Try it: Starting at the line with "Fabricado em aço" and ending at the line with "Красные розы  и  оранжевые", print exactly the lines of the entries below. Pictures do not belong in the copy.

Recorded data:
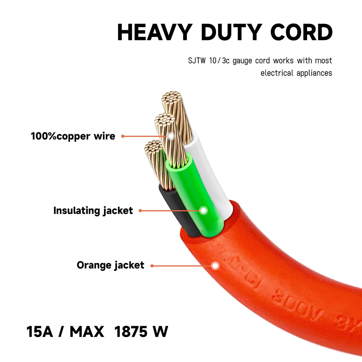 Certification: Ul Covering: Pvc Material + Sjtw Thermoplastic Wire Gauge: 10 Awg With 3 Conductors Grounded Amp Rating: 15A Max Voltage Rating: 125V Max Rated Power: 1875 Watts Use:Indoor / Outdoor
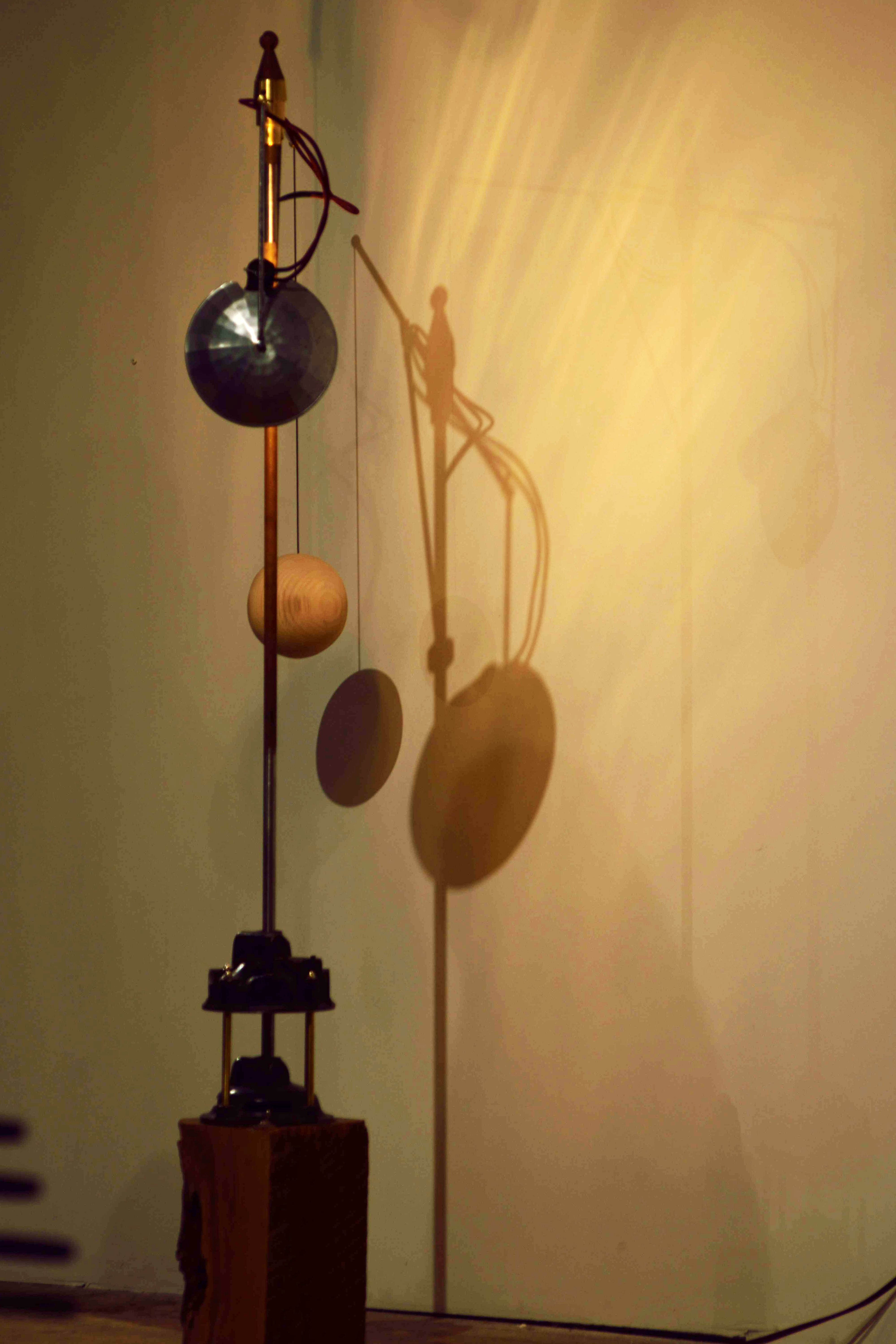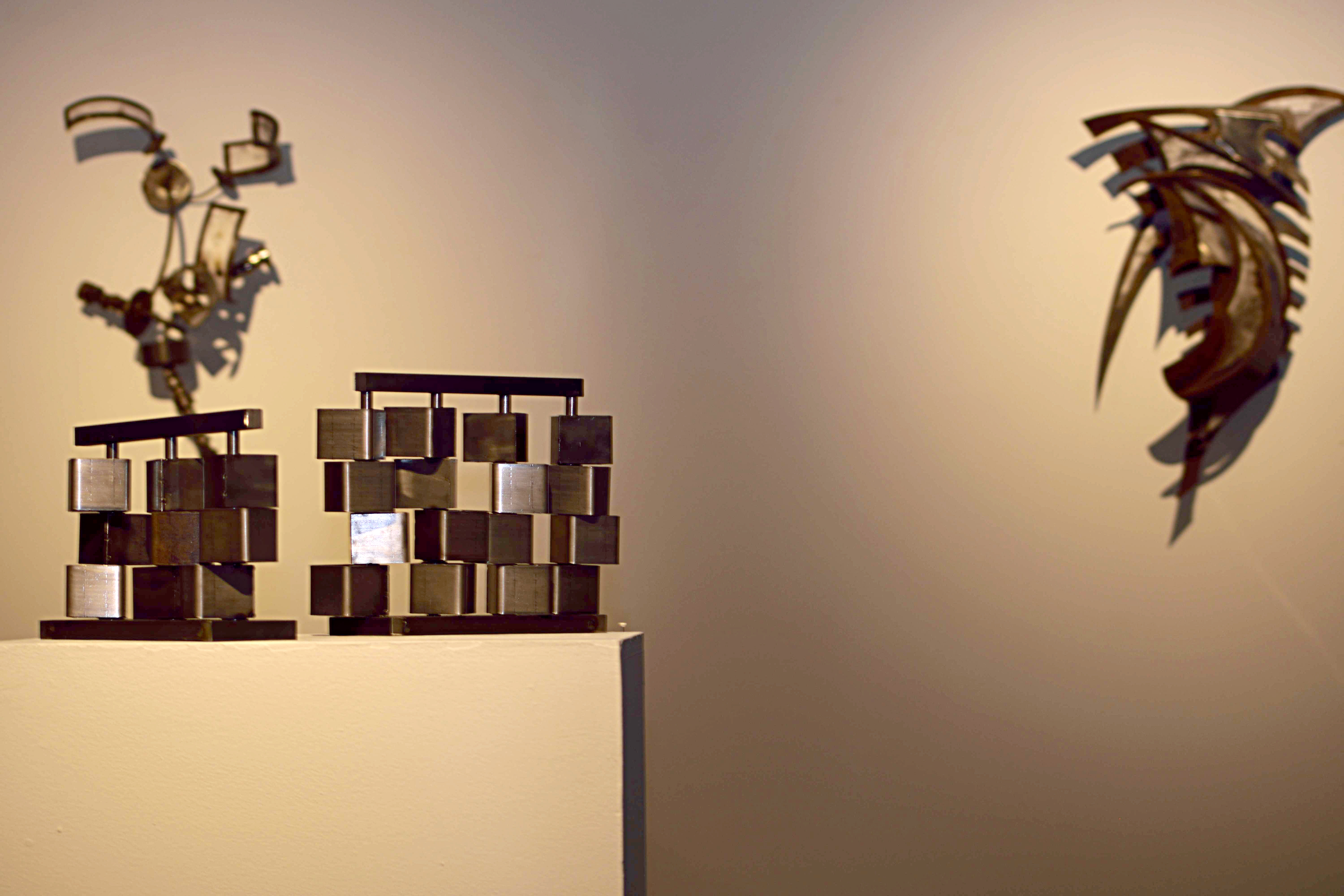 The intricate metal sculptures of Kevin Merkel are woven through the room, offering curious movements of geometric forms. Operating somewhere between art and function, the near-alien-abacus-like machines indicate a higher purpose for their creation, yet we lack the understanding to accomplish the task. Each piece engages the audience through visual and tactual sensations. Merkel identifies his work as attempting to “liberate the material forms so it may realize its actualized vision.”
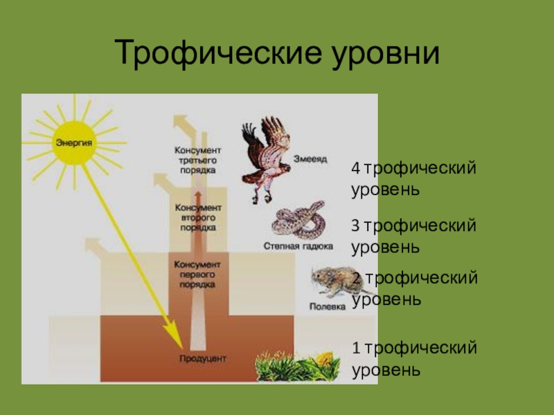 Место каждого звена в цепи питания называют трофическим уровнем.
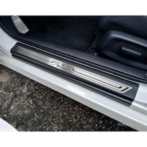 Fabricado em aço inox 304 o kit soleiras, vinil, pedaleiras e descanso de pé além de ajudar a proteger o local onde há o desgaste devido o calçado ficar o tempo todo esfregando, deixará o interior do veículo personalizado e com muito mais estilo.
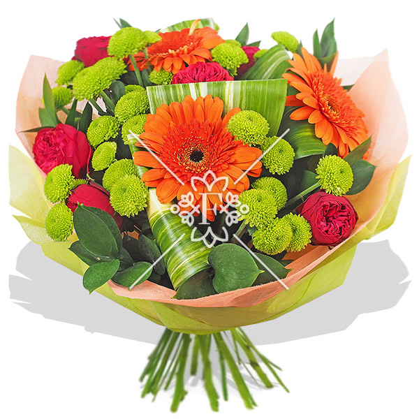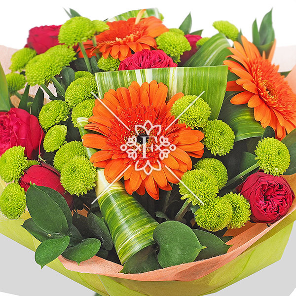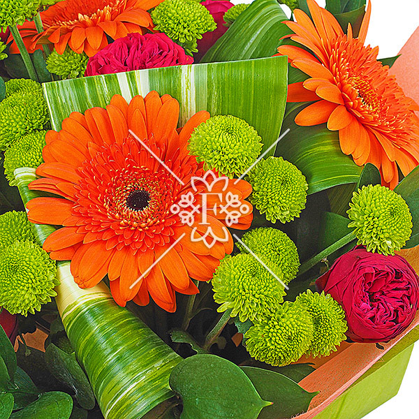 Красные розы  и  оранжевые герберы сочетаются здесь  с необыкновенно прекрасными  зелеными хризантемами. Цветы  в окружении аспидистры и рускуса в яркой упаковке  притягивают восхищенный взгляд ! Букет смотрится очень насыщенно и не банально!
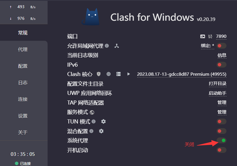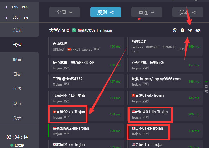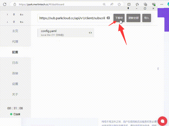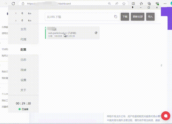 <p><strong>使用前请先确认是否满足以下条件:</strong></p> <blockquote class="default"> <p>✔ 我的大熊云会员没有过期</p> <p>✔ 设备中没有开启其他VPN类软件</p> <p>✔ 我的网络不是校园网或者公司内网</p> </blockquote> <br> ~{song}<p>clash云盘下载地址 -> <a title="点击下载" href="http://www.appkcc.com/clash456" target="_blank" class="external">点击下载</a></p>~  <br> <h4 id="h4-2.u89E3u538Bu5B89u88C5"><a class="reference-link" name="2.解压安装"></a><span class="header-link octicon octicon-link"></span>2.解压安装</h4><p>将下载好的压缩包直接解压到电脑内某目录,打开该目录,运行<strong>「 Clash for Windows 」</strong>并在弹出的提示框中点击<strong>「 是 」</strong>继续运行。</p>  <br> <h3 id="h3-u5BFCu5165u8BA2u9605"><a class="reference-link" name="导入订阅"></a><span class="header-link octicon octicon-link"></span>导入订阅</h3><h4 id="h4-u65B9u5F0Fu4E00uFF1Au81EAu52A8u5BFCu5165"><a class="reference-link" name="方式一:自动导入"></a><span class="header-link octicon octicon-link"></span>方式一:自动导入</h4><p>使用浏览器登录进入大熊云首页「 用户中心 」,如果您忘记了帕克云官网地址可前往 <a title="地址发布页" href="/doc/65/">地址发布页</a> 找到最新的官网地址</p> <p>在「快捷导入订阅」中找到<strong>「 Clash订阅 」</strong>按钮并点击</p> <p>点击后会自动提示跳转到 Clash 客户端,根据提示点击<strong>「 打开Clash for Windows 」</strong>,此时 Clash 客户端中会出现大熊云订阅配置文件。</p>  <br> <blockquote class="default"> <p>如果系统无法自动跳转或订阅失败,请参考下方 手动导入 方式</p> </blockquote> <br> <h4 id="h4-u65B9u5F0Fu4E8CuFF1Au624Bu52A8u5BFCu5165"><a class="reference-link" name="方式二:手动导入"></a><span class="header-link octicon octicon-link"></span>方式二:手动导入</h4><p>使用浏览器登录进入大熊云首页 「 用户中心 」 ,如果您忘记了大熊云官网地址可前往 <a title="地址发布页" href="/doc/12/">地址发布页</a> 找到最新的官网地址</p> <p>在「快捷导入订阅」中找到<strong>「 复制订阅地址 」</strong>按钮并点击钮</p> <p>打开 Clash 客户端的<strong>「 配置 」</strong>栏,将刚刚复制的地址粘贴到<strong>「 从URL下载 」</strong>框中点击<strong>「 下载 」</strong>,此时 Clash 客户端中会出现订阅配置文件。</p>   <br> <h3 id="h3-u5F00u542Fu4EE3u7406"><a class="reference-link" name="开启代理"></a><span class="header-link octicon octicon-link"></span>开启代理</h3><p>在 Clash 客户端的 <strong>「 配置 」</strong> 栏中,选择刚刚导入好的订阅文件,选中后会出现绿色选中提示。</p> <p>在 Clash 客户端的<strong>「 代理 」</strong>栏中,选择<strong>「 全局 」</strong>然后在下方节点列表中选择一个国家地区节点。</p> <p>在 Clash 客户端的<strong>「 主页 」</strong>栏中,找到并打开<strong>「 系统代理 」</strong>选项。</p> <p>此时电脑任务栏 Clash 图标由蓝色变成橙色,即成功开启了VPN代理。</p>  <br> <blockquote class="default"> <p><strong>使用建议:</strong></p> <p>订阅地址是你个人账号密码及节点的总集成,不能泄露给任何人及网络,以防止他人使用及知晓你的密码。 </p> <p>建议定期手动更新或者设置成每2小时自动更新订阅,即可保持与服务器同步更新。</p> </blockquote> <br> <h3 id="h3-u66F4u65B0u8BA2u9605"><a class="reference-link" name="更新订阅"></a><span class="header-link octicon octicon-link"></span>更新订阅</h3><h4 id="h4-1.u5173u95EDu4EE3u7406"><a class="reference-link" name="1.关闭代理"></a><span class="header-link octicon octicon-link"></span>1.关闭代理</h4><p>打开 Clash 客户端的 「 主页 」 将<strong>「 系统代理 」</strong>关闭(这一步很重要)</p>  <br> <h4 id="h4-2.u66F4u65B0u8BA2u9605"><a class="reference-link" name="2.更新订阅"></a><span class="header-link octicon octicon-link"></span>2.更新订阅</h4><p>打开 Clash 客户端的<strong>「 配置 」</strong>栏, 点击配置文件后面的<strong>「 刷新 」</strong>按钮即可成功更新订阅大熊云节点。</p>  <br> <blockquote class="default"> <p><strong>更新失败解决办法:</strong></p> <p>在 Clash 客户端的 「 配置 」 栏中右键删除 「 大熊云 」 的配置文件。</p> <p>前往 <strong>「 导入订阅步骤 」</strong> 根据教程一步一步操作,重新配置导入节点。></p> </blockquote> <br> <h3 id="h3-u5F02u5E38u9000u51FA"><a class="reference-link" name="异常退出"></a><span class="header-link octicon octicon-link"></span>异常退出</h3><p>请注意,如果你在未退出Clash软件的情况下直接关机,可能会导致再次开机后网络无法使用</p> <p>此时重新打开Clash软件,开启代理 或 退出应用 即可正常使用网络</p> </div>

Response:
 Fabricado em aço inox 304 o kit soleiras, vinil, pedaleiras e descanso de pé além de ajudar a proteger o local onde há o desgaste devido o calçado ficar o tempo todo esfregando, deixará o interior do veículo personalizado e com muito mais estilo.
 Красные розы  и  оранжевые герберы сочетаются здесь  с необыкновенно прекрасными  зелеными хризантемами. Цветы  в окружении аспидистры и рускуса в яркой упаковке  притягивают восхищенный взгляд ! Букет смотрится очень насыщенно и не банально!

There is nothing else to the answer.